In reply to: Laurenz Albe (#21)

Re: [18] Policy on IMMUTABLE functions and Unicode updates

On Tue, Jul 23, 2024 at 3:11 AM Laurenz Albe <laurenz.albe@cybertec.at> wrote:

I hear you. It would be interesting to know what other RDBMS do here.

Yeah, I agree.

--
Robert Haas
EDB: http://www.enterprisedb.com

#23

schneider@ardentperf.com

over 1 year ago

In reply to: Laurenz Albe (#21)

Re: [18] Policy on IMMUTABLE functions and Unicode updates

On Tue, Jul 23, 2024 at 1:11 AM Laurenz Albe <laurenz.albe@cybertec.at>
wrote:

On Mon, 2024-07-22 at 13:55 -0400, Robert Haas wrote:

On Mon, Jul 22, 2024 at 1:18 PM Laurenz Albe <laurenz.albe@cybertec.at>

wrote:

I understand the difficulty (madness) of discussing every Unicode
change. If that's unworkable, my preference would be to stick with

some

Unicode version and never modify it, ever.

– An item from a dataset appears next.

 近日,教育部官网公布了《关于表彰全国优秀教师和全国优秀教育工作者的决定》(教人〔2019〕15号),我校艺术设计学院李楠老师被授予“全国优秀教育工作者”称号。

I think that's a completely non-viable way forward. Even if everyone
here voted in favor of that, five years from now there will be someone
who shows up to say "I can't use your crappy software because the
Unicode tables haven't been updated in five years, here's a patch!".
And, like, what are we going to do? Still keeping shipping the 2024
version of Unicode four hundred years from now, assuming humanity and
civilization and PostgreSQL are still around then? Holding something
still "forever" is just never going to work.

I hear you. It would be interesting to know what other RDBMS do here.

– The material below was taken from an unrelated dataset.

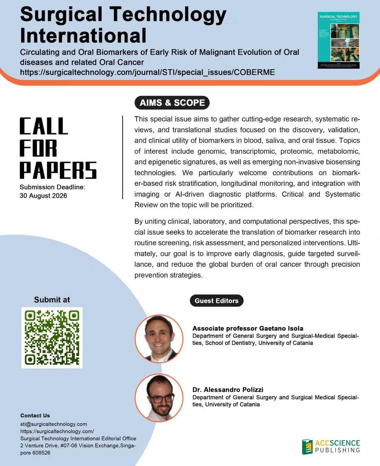 By uniting clinical, laboratory, and computational perspectives, this special issue seeks to accelerate the translation of biomarker research into routine screening, risk assessment, and personalized interventions. Ultimately, our goal is to improve early diagnosis, guide targeted surveillance, and reduce the global burden of oral cancer through precision prevention strategies.

Other RDBMS are very careful not to corrupt databases, afaik including
function based indexes, by changing Unicode. I’m not aware of any other
RDBMS that updates Unicode versions in place; instead they support multiple
Unicode versions and do not drop the old ones.

I know Jeff mentioned that Unicode tables copied into Postgres for
normalization have been updated a few times. Did anyone ever actually
discuss the fact that things like function based indexes can be corrupted
by this, and weigh the reasoning? Are there past mailing list threads
touching on the corruption problem and making the argument why updating
anyway is the right thing to do? I always assumed that nobody had really
dug deeply into this before the last few years.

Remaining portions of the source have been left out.